As a millennial I'm finding that our generation is very rapidly redefining gender roles and opening doors to a kinder, more accepting world. When I was growing up my dad went to work and my mom stayed home with my sister and I, and I was always so grateful that we could do that! Having my mom at home made an otherwise rocky childhood stable and solid, and even today she continues to be my rock.
And now that's how my daughter will feel about her dad. Before she was born my husband had a hard time finding work, as so many veterans do, and so it was up to me to carry the home financially. When we found out we were pregnant we decided that his job would be Stay At Home Dad, and after six short weeks of maternity leave (all we could afford) I put on whatever clothes would fit and left him to fend for himself.
When you understand the concept of giving all of yourself, you think, hey no problem! I can do that for my kid! After about a week of being so focused on keeping your baby happy, comfortable, and not screaming, and realizing you haven't showered or really eaten in all that time, the reality of such a task hits you like a tank. And my husband took on that task alone. We have few family or friends where we live--I like to say we took the Oregon Trail and are fending for ourselves out here--and so Evelyn's father fights on like the soldier he once was. Only now, at nine months, he's fighting to keep her from falling as she tries to climb ALL OF THE THINGS! Especially things with wires, or the fireplace!
Last week he broke his nose playing town softball, and while I could only take a few days off work to let him heal, he is back on duty this week caring for our little girl. Full day childcare is really, really hard. Most people can't handle being alert and aware all day long trying to make a baby giggle or keep her from spitting out all her fruit at snack time, or making sure she doesn't break her napping schedule and scream all afternoon.
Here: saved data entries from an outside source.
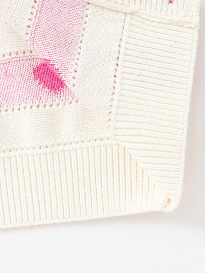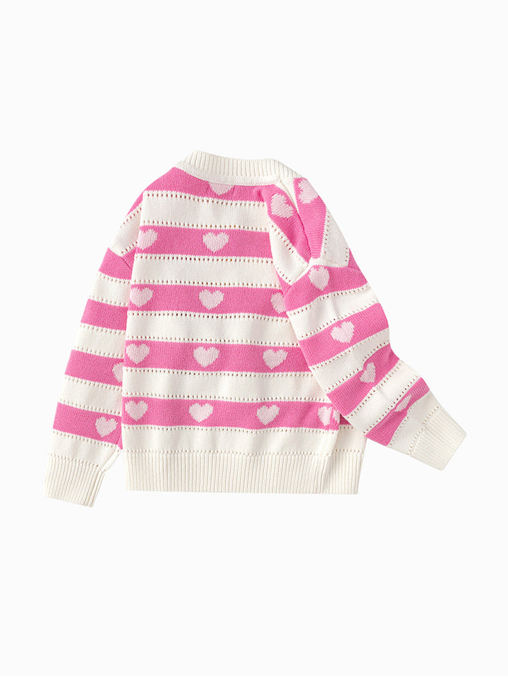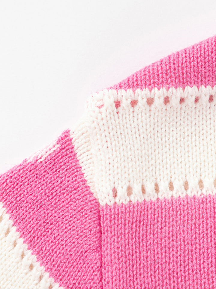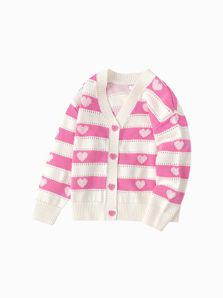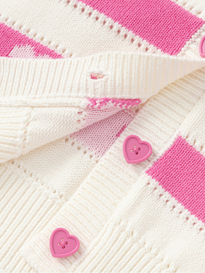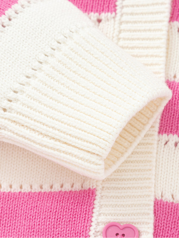 جاكيت كارديغان صوف بأكمام طويلة، مزين بنمط مخطط، يأتي بأزرار للإغلاق من الجهة الأمامية وبياقة على شكل V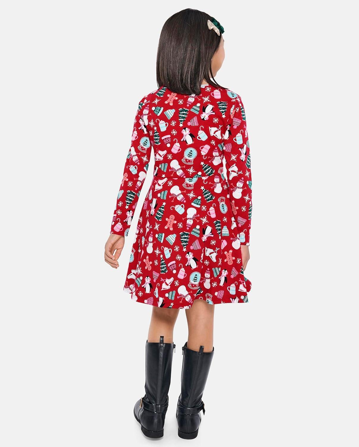 The Children’s Place Girls Printed Skater Dress, Long Sleeve(Holiday Cheer)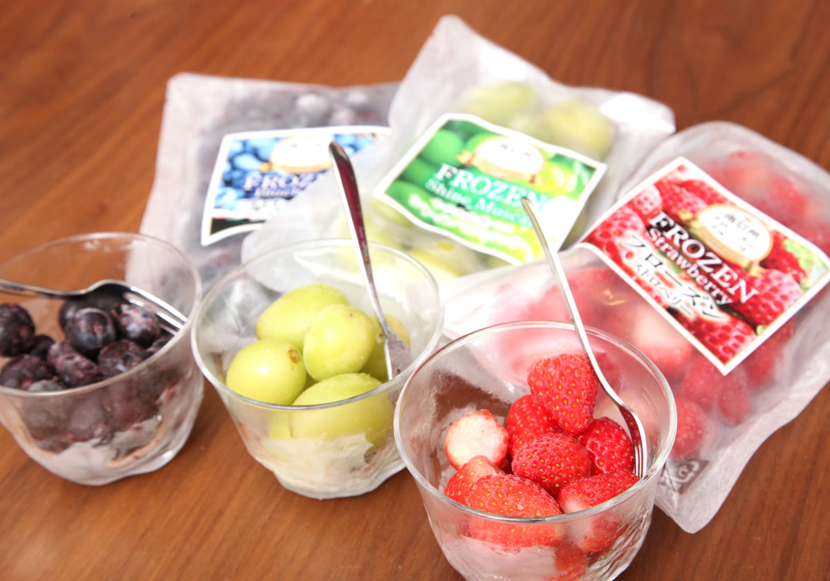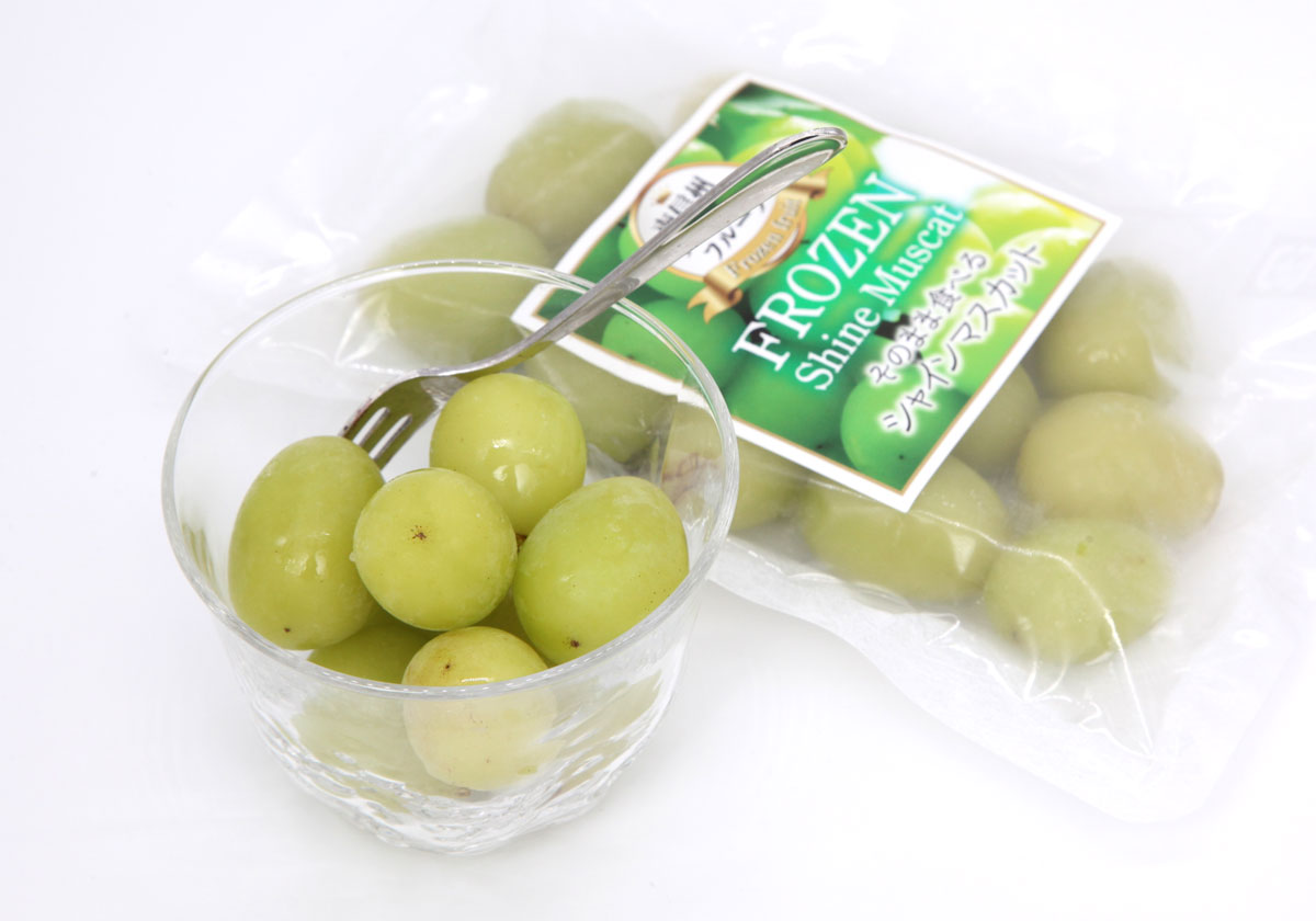 そこで2年もの歳月をかけ、ようやくたどり着いたのが独自の冷凍&保管方法。美しいグリーンの見た目と、シャーベットのような食感が楽しめるフローズンシャインマスカットが誕生しました。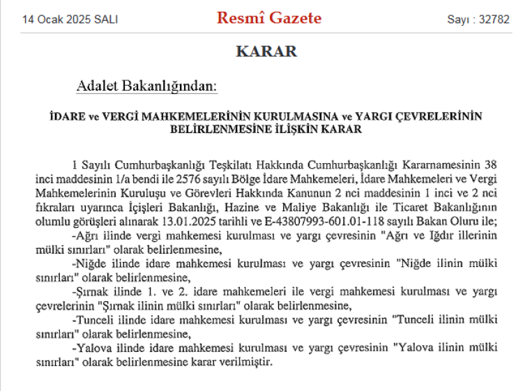 Adalet Bakanlığı’nın oluru ile Ağrı, Niğde, Şırnak, Tunceli ve Yalova illerinde idare ve vergi mahkemelerinin kurulmasına ilişkin karar bugünkü Resmi Gazete’de yayımlandı.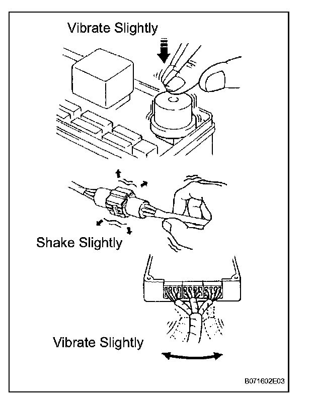 With a problem that only occurs when the engine is cold or as a result of vibration caused by the road during driving, the problem can never be determined if the symptoms are being checked on a stationary vehicle or on a vehicle with a warmed up engine. Vibration, heat or water penetration (moisture) is difficult to reproduce. The symptom simulation tests below are effective substitutes for the conditions and can be applied on a stationary vehicle. Important points in the symptom simulation test: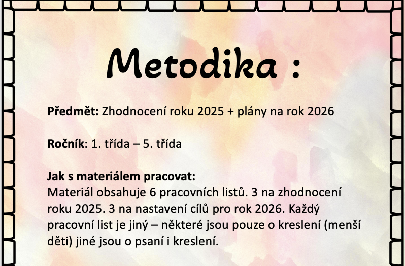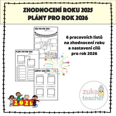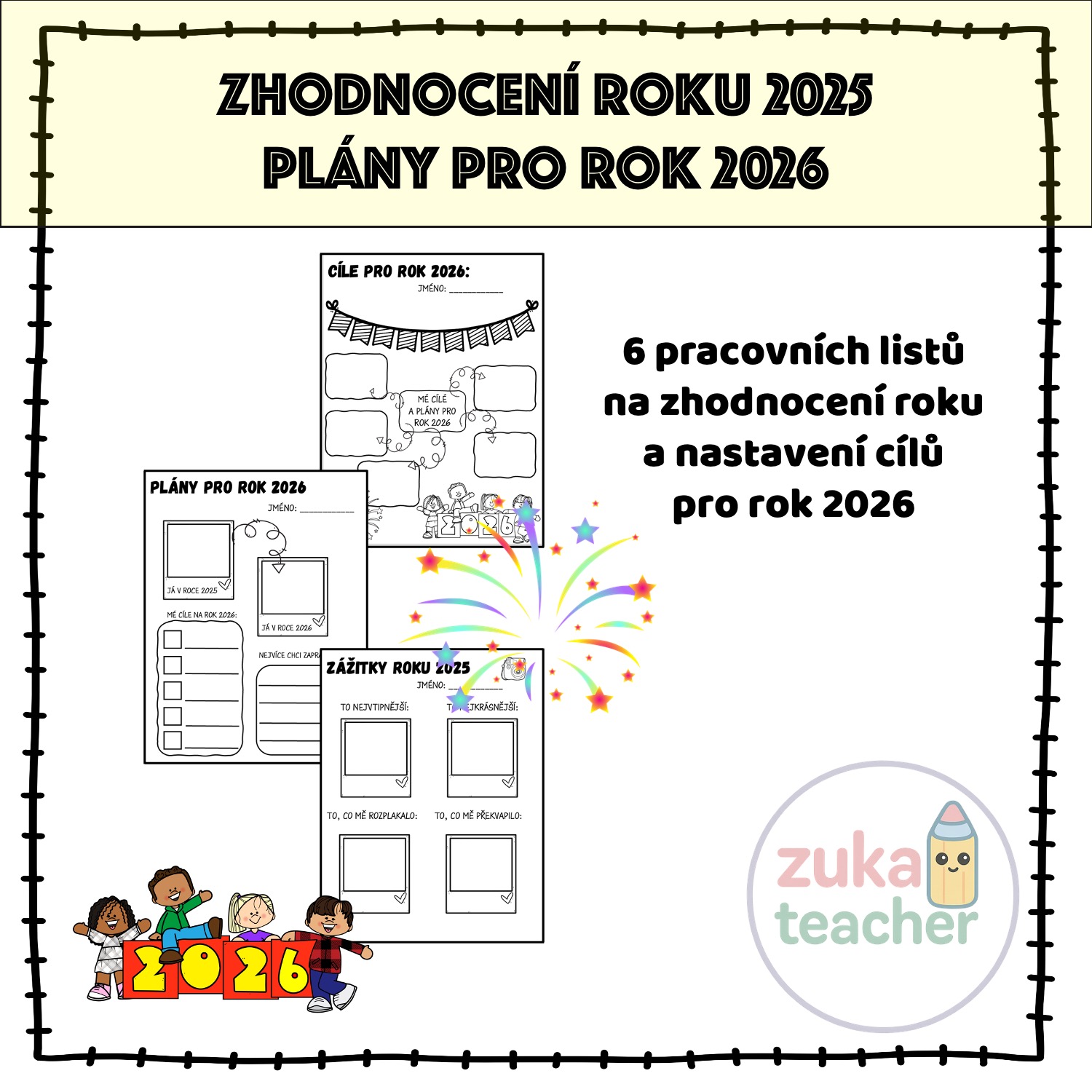 Materiál obsahuje 6 pracovních listů. 3 na zhodnocení roku 2025. 3 na nastavení cílů pro rok 2026. Každý pracovní list je jiný – některé jsou pouze o kreslení (menší děti) jiné jsou o psaní i kreslení.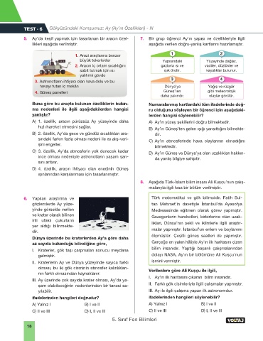5. Ay’da keşif yapmak için tasarlanan bir aracın özel- 7. Bir grup öğrenci Ay’ın yapısı ve özellikleriyle ilgili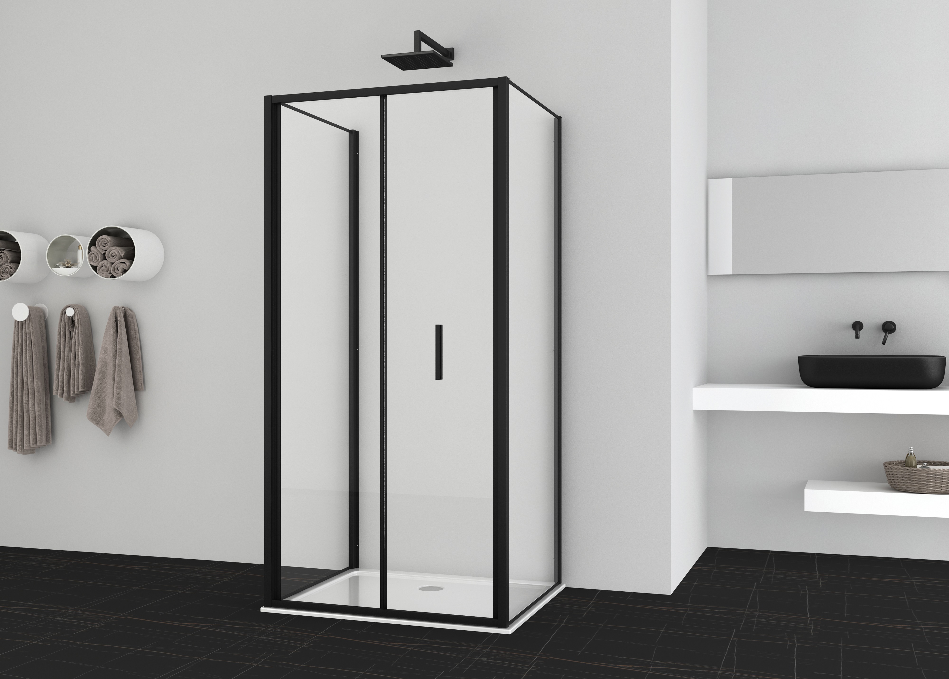 Sanotechnik - Falttür schwarz 78-82x200cm 6mm Easy-Clean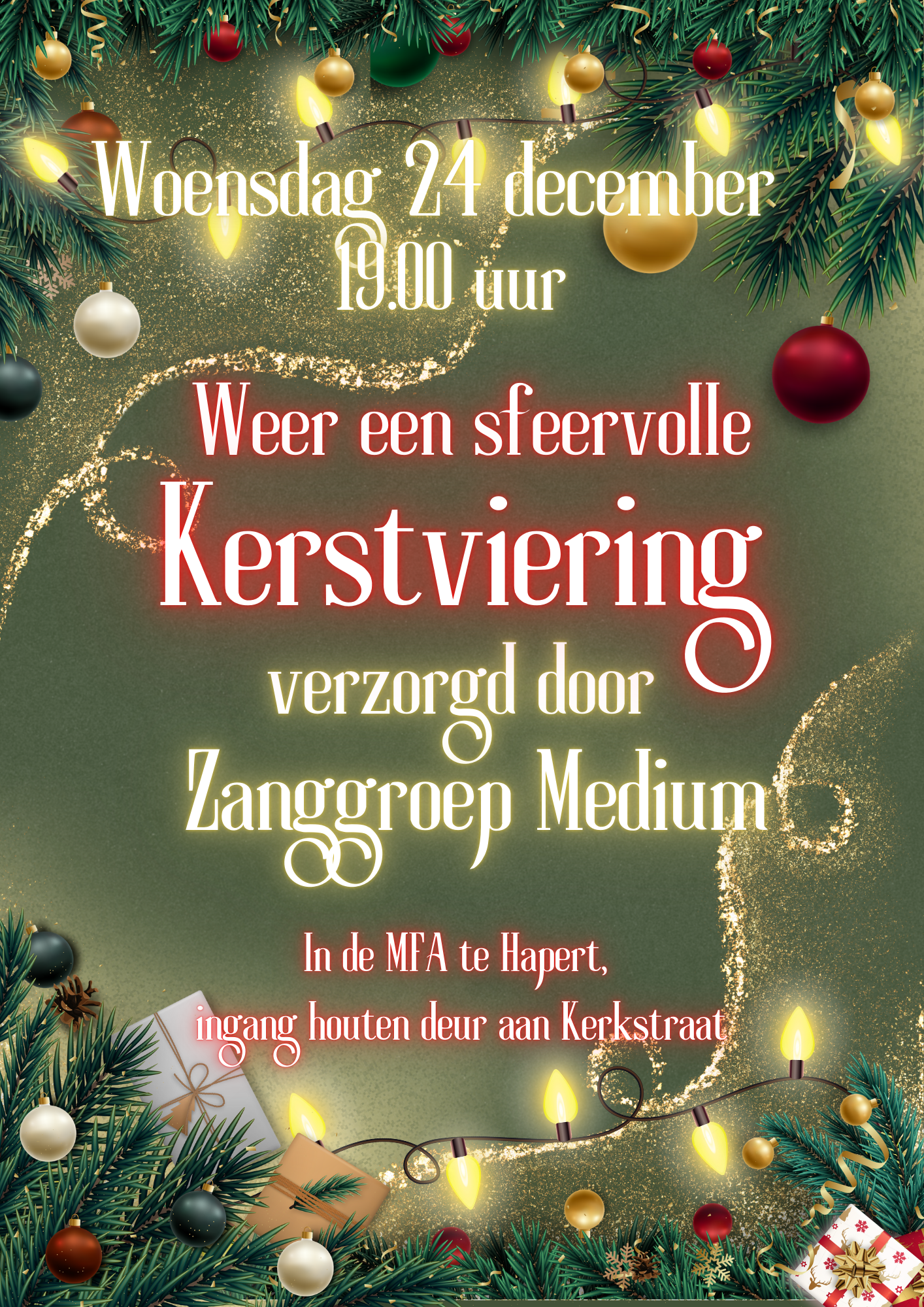 Weer een mooie muzikale Kerstviering op Kerstavond georganiseerd door zanggroep Medium.
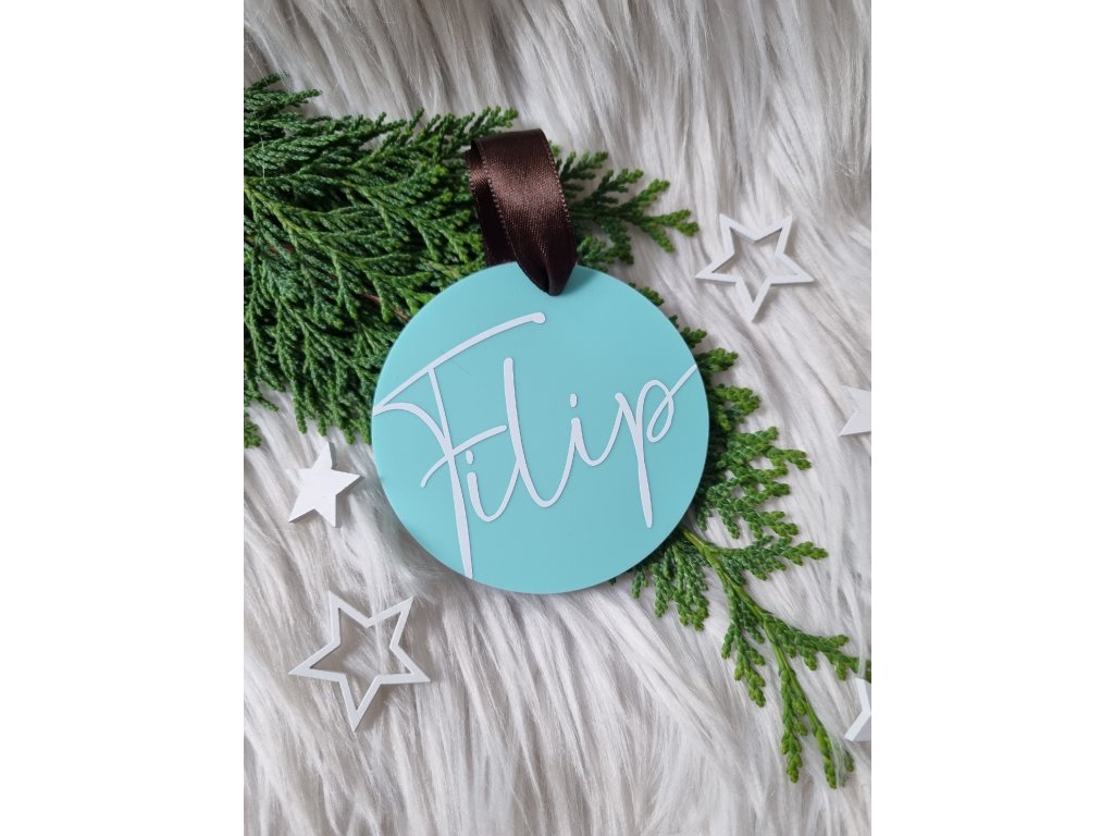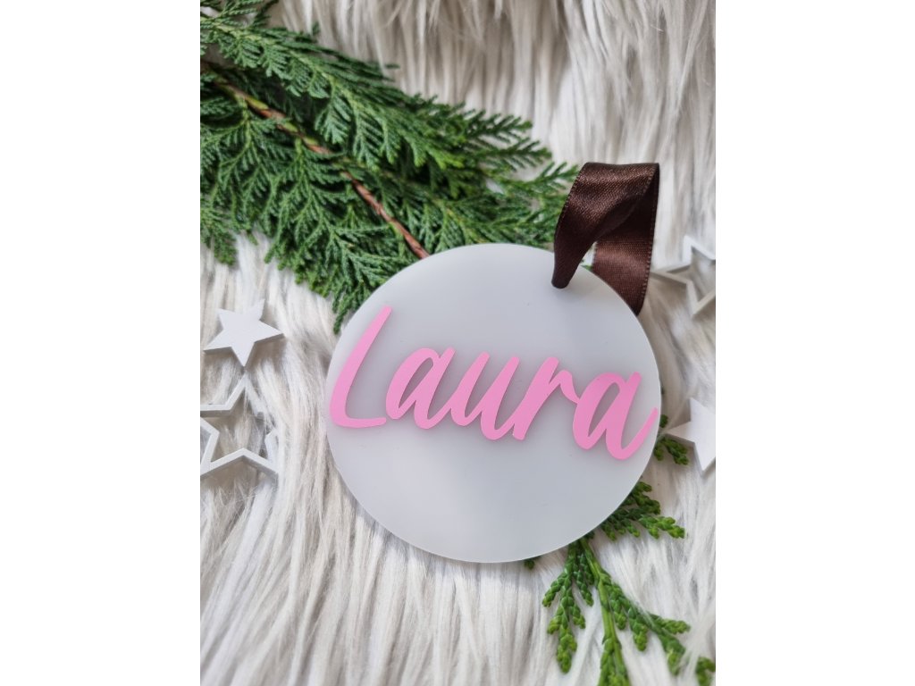 Prakticky nerozbitná ozdoba na vánoční stromeček z plexiskla se jménem na přání.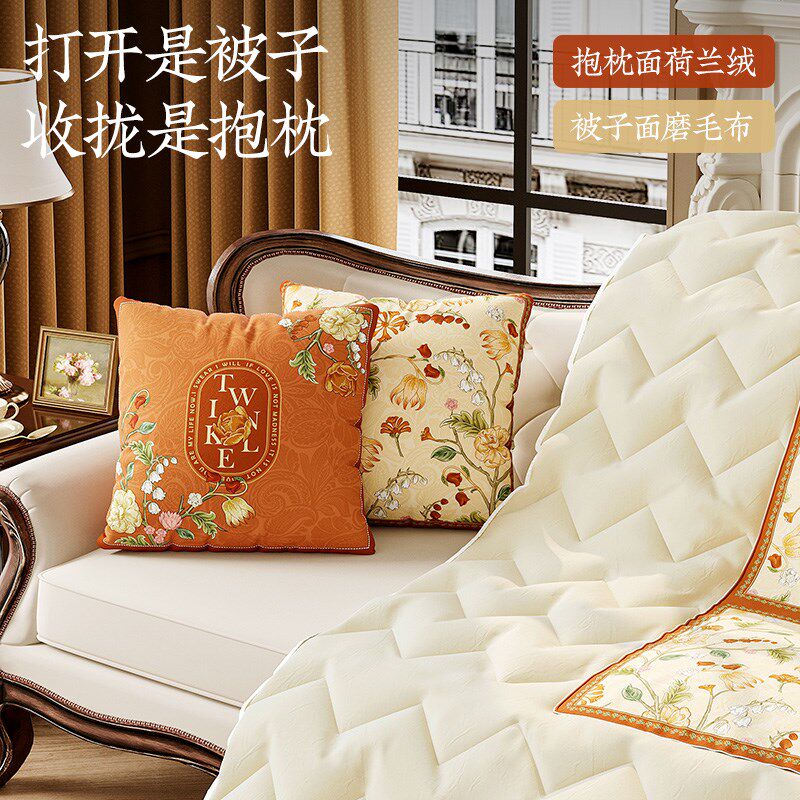 法式田园抱枕被二合一车载多功能午睡空调毯子办公室两用折叠靠枕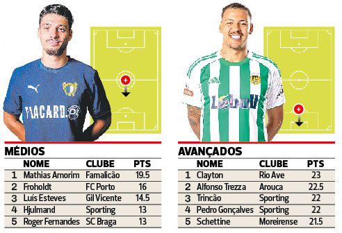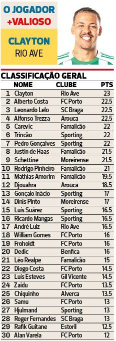Com um jogo em atraso (deslocação à Luz referente à ronda inaugural, agendado para 23 deste mês), ainda não houve partida nesta temporada sem Clayton fazer o gosto ao pé (1+2+2 golos) e apesar de o seu Rio Ave só ter empatado na prova, o dianteiro brasileiro assumiu a liderança da classificação de O jogador mais valioso de A BOLA da Liga ao participar nos seis golos vilacondenses: marcou cinco de pé direito (um de pénalti) e fez a assistência para o outro. Vai bem lançado para pulverizar os 14 golos apontados nos 31 jogos do campeonato anterior.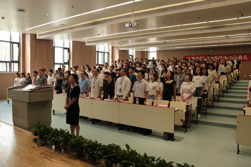 9月7日下午,9778818威尼斯2019级新生开学典礼在创新港五号巨构举行,学院党委书记薛宇红、执行院长杜海峰、副院长周忠良、副书记王立剑、社保系主任温海红、本科生班主任崔瑞峰、学院行政教务老师、苏州研究院教育培训部汪京坪主任丁聪老师。同时此次开学典礼邀请国务院特殊津贴获得者、国际卫生经济学会会员、中国卫生信息学会常务理事、中国卫生经济学会学术委员、陕西省卫生经济学会会长、公共卫生与政策领域著名专家高建民教授为新生做入学教育报告。2019级全体本科生、硕士研究生、博士研究生和MPA新生等两百余人参加此次开学典礼,会议由学院党委书记薛宇红主持。

When he goes to library story hour, he is often the only man there. When he takes her to the doctor, all the pamphlets are addressed to mothers only. Rarely will you find a changing table in a men's bathroom.
Being a stay at home dad has many challenges, but he's always there for our baby, making her feel safe and loved, and I know when I'm at work that she's in good hands getting all the love she needs. Shout out to all those dad's knee deep in poopy diapers and formula--you guys ROCK!